* [EXERCISE MATERIALS]:

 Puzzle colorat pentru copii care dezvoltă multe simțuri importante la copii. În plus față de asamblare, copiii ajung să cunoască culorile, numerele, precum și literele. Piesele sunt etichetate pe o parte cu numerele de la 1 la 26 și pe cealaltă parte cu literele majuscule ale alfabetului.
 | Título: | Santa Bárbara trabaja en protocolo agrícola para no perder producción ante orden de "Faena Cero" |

--

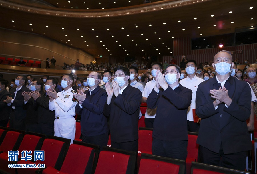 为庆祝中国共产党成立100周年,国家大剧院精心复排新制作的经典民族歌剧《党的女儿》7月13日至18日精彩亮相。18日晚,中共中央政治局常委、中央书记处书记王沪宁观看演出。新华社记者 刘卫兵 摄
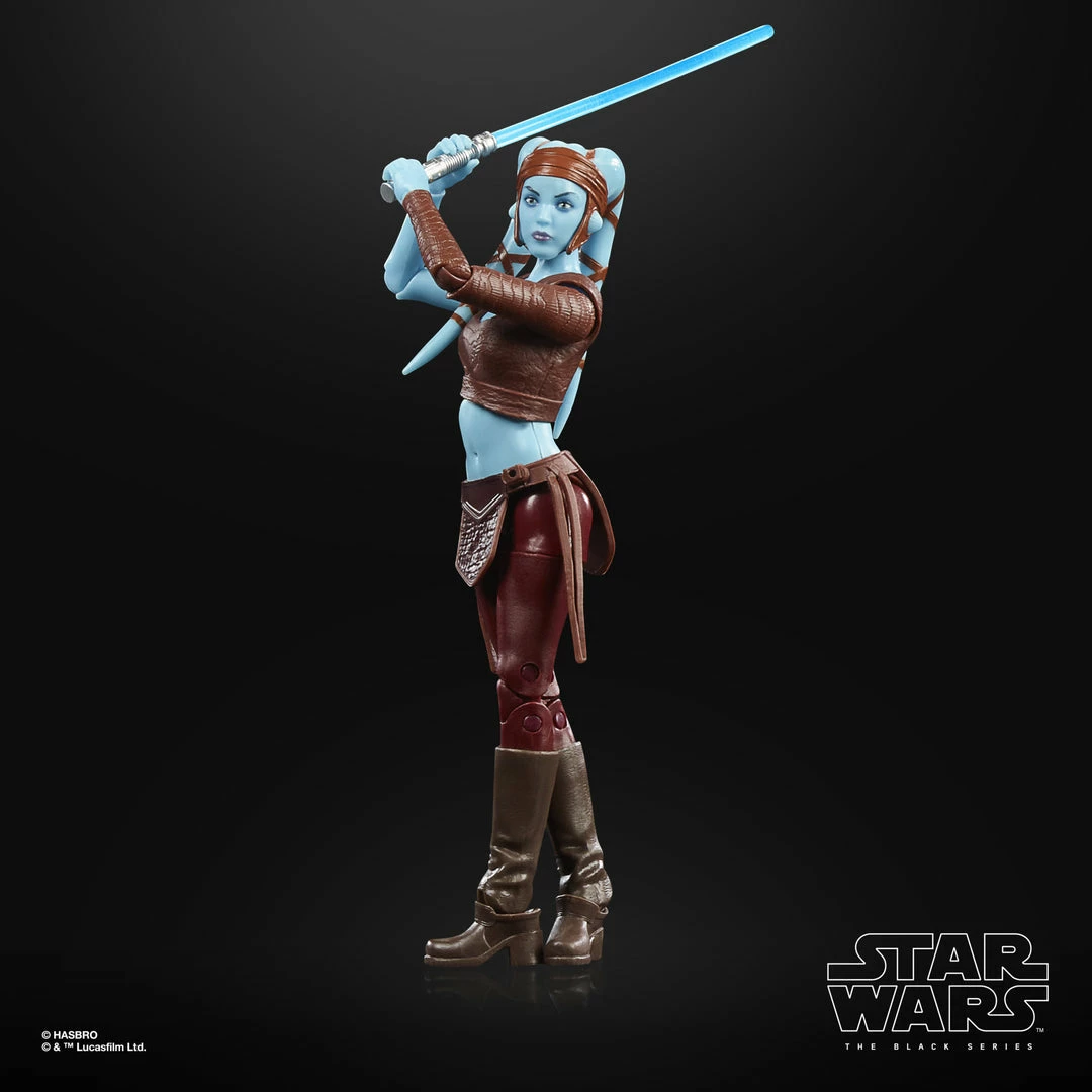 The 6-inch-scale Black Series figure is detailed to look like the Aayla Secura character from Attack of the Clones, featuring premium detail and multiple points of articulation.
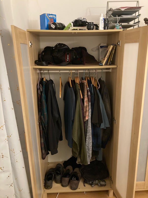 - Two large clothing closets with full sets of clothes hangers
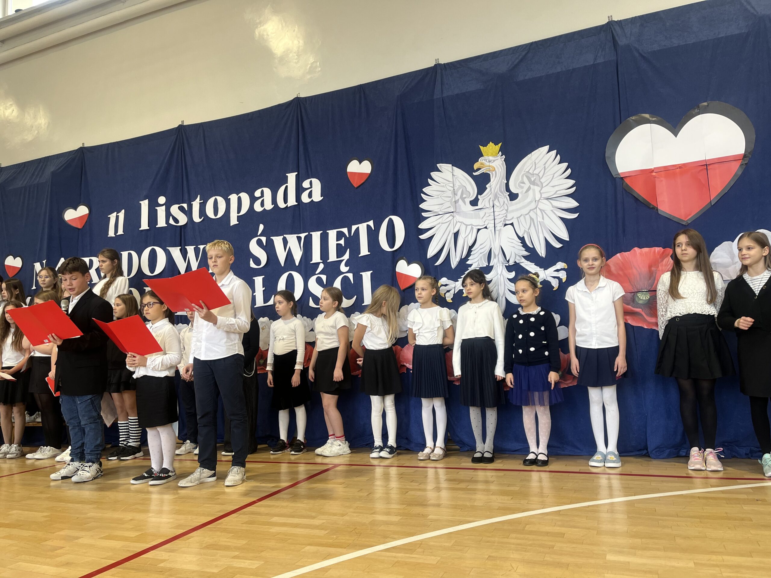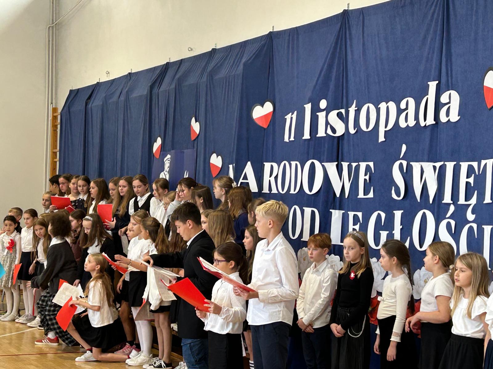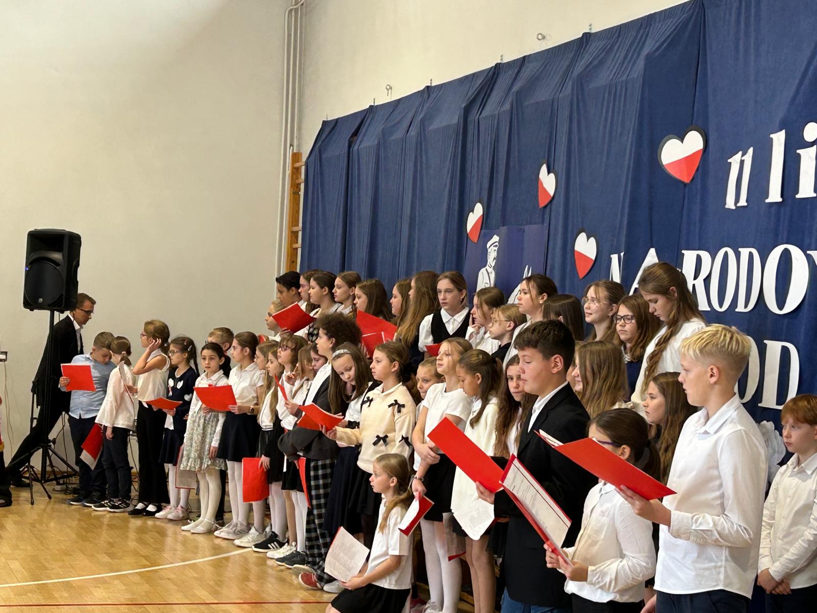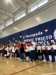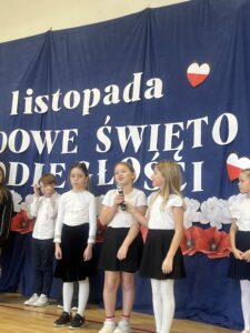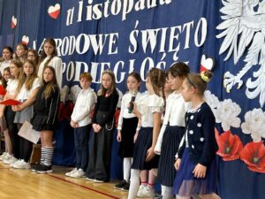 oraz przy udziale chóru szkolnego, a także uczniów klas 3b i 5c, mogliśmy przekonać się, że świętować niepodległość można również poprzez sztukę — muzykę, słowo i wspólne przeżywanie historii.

* [DIRECTIONS]: Please reproduce, exactly as they appear above, the lines from the line containing "Puzzle colorat pentru" up to and including the line containing "Título: | Santa".

* [ANSWER TO THIS TASK]:
 Puzzle colorat pentru copii care dezvoltă multe simțuri importante la copii. În plus față de asamblare, copiii ajung să cunoască culorile, numerele, precum și literele. Piesele sunt etichetate pe o parte cu numerele de la 1 la 26 și pe cealaltă parte cu literele majuscule ale alfabetului.
 | Título: | Santa Bárbara trabaja en protocolo agrícola para no perder producción ante orden de "Faena Cero" |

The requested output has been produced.